A coalition of Latino advocacy groups is demanding the city of Garden Grove switch to electing city council members by districts or the groups will ask the courts to require the change.
“The inability of Latino voters to select candidates of their choice is due to racially polarized voting in at-large elections that violate the California Voting Rights Act,” reads a joint letter from the Latino legal rights group MALDEF, the California branch of the League of United Latin American Citizens and local Santa Ana LULAC.
Garden Grove officials have until July 3 to respond to the demand before the group says it will go to court to force the city to make the change.
Garden Grove is the latest Orange County municipality to consider district elections, as a number of cities and districts with large minority populations have started to transition from at-large to by-district elections in anticipation of potential lawsuits.
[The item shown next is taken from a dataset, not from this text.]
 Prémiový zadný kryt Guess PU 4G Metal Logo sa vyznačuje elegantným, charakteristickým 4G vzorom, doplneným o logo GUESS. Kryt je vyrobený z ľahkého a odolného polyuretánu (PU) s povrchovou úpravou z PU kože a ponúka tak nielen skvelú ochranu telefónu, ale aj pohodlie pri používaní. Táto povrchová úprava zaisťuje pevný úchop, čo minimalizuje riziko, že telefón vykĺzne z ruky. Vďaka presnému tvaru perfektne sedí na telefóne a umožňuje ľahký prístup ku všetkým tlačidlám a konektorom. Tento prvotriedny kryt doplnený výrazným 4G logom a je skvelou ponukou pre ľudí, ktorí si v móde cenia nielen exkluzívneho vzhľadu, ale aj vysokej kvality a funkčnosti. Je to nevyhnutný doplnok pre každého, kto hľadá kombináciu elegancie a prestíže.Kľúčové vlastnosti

Moving to a by-district system from one in which council members are elected on an at-large basis is seen as a way for minority and underserved communities to have greater representation on elected bodies.
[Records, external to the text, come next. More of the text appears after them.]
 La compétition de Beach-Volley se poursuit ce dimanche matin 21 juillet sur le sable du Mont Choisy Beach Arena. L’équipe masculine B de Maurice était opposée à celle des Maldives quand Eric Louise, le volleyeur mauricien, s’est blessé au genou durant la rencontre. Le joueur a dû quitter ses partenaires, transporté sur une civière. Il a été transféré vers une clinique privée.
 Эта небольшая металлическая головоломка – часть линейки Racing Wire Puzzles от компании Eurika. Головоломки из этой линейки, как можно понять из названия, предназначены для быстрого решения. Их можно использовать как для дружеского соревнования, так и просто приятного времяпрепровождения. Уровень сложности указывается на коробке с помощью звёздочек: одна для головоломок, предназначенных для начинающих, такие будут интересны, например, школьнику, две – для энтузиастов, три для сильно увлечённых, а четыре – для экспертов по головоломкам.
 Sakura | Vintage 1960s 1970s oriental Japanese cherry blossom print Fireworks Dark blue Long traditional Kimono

According to the latest US Census data, 37 percent of Garden Grove’s population is Latino, 37 percent is Asian and 22 percent is white.
“However, none of the five current members of the Garden Grove City Council is Latino, and no Latino candidates have been elected to city council in the last six decades, perhaps longer,” the letter reads.
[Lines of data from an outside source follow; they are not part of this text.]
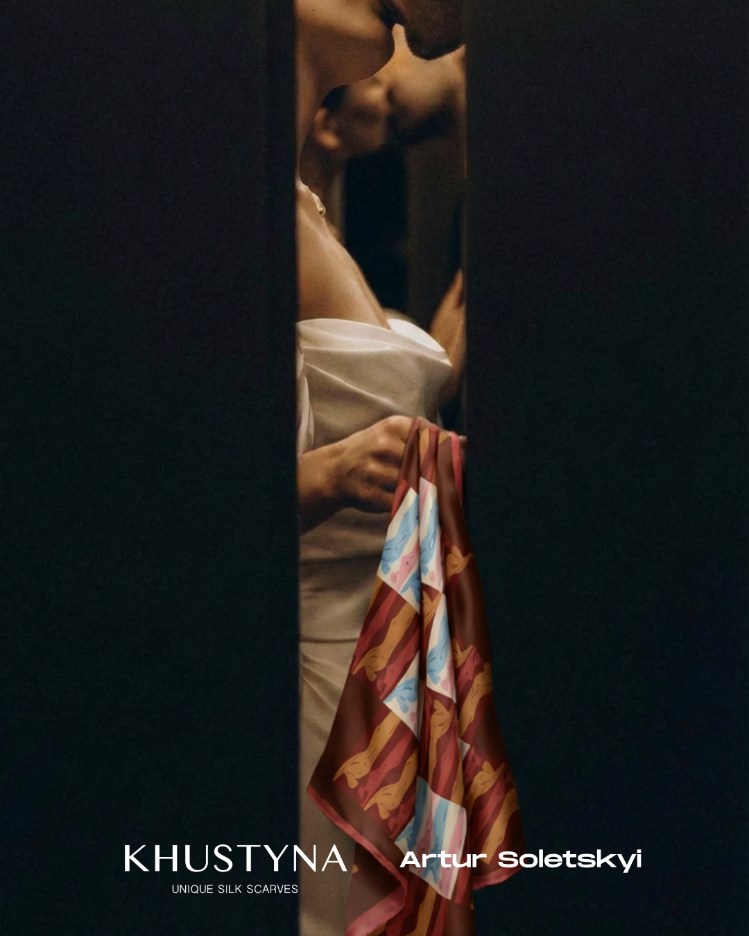 «Ми хотіли створити картини на шовку, які хочеться розглядати. Це як у стосунках: спочатку ти бачиш загальну картину, а потім починаєш розрізняти деталі, рухи, погляди та дрібні дотики, які й формують ваш спільний світ», — ділиться команда бренду KHUSTYNA.
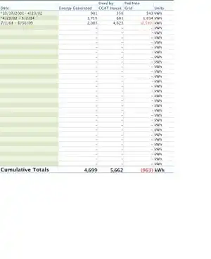 PG&E provided the energy production of CCAT's panels from the last annual billing cycle (7/08-6/09). It is assumed the panels will produce this amount annually until the embedded energy is recouped.
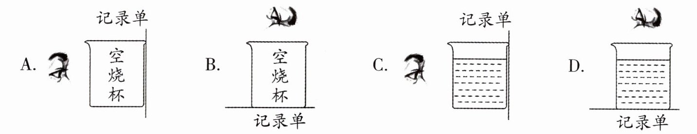 2. 按照如下方法观察记录单上的文字,其中能将记录单上的文字图像放大的方法是( )。
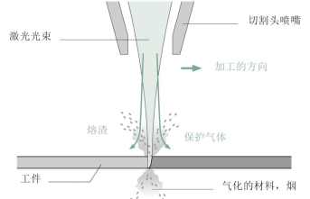 利用高功率密度激光束照射被切割材料,材料很快被加热至汽化温度,蒸发形成孔洞,随着光束对材料的移动,孔洞连续形成宽度很窄的切缝,完成对材料的切割。

The demand letter comes just a week after council member Kris Beard sought support from his colleagues to place district elections on the 2016 general election ballot.
Except for Mayor Bao Nguyen, the rest of the council wasn’t interested in taking action unless there was a substantial legal threat.
This isn’t the first time Garden Grove residents have pushed for district elections.
In 2005, a group of residents collected signatures for an initiative to elect six council members by district and the mayor through an at-large election. The initiative ultimately did not qualify for the ballot.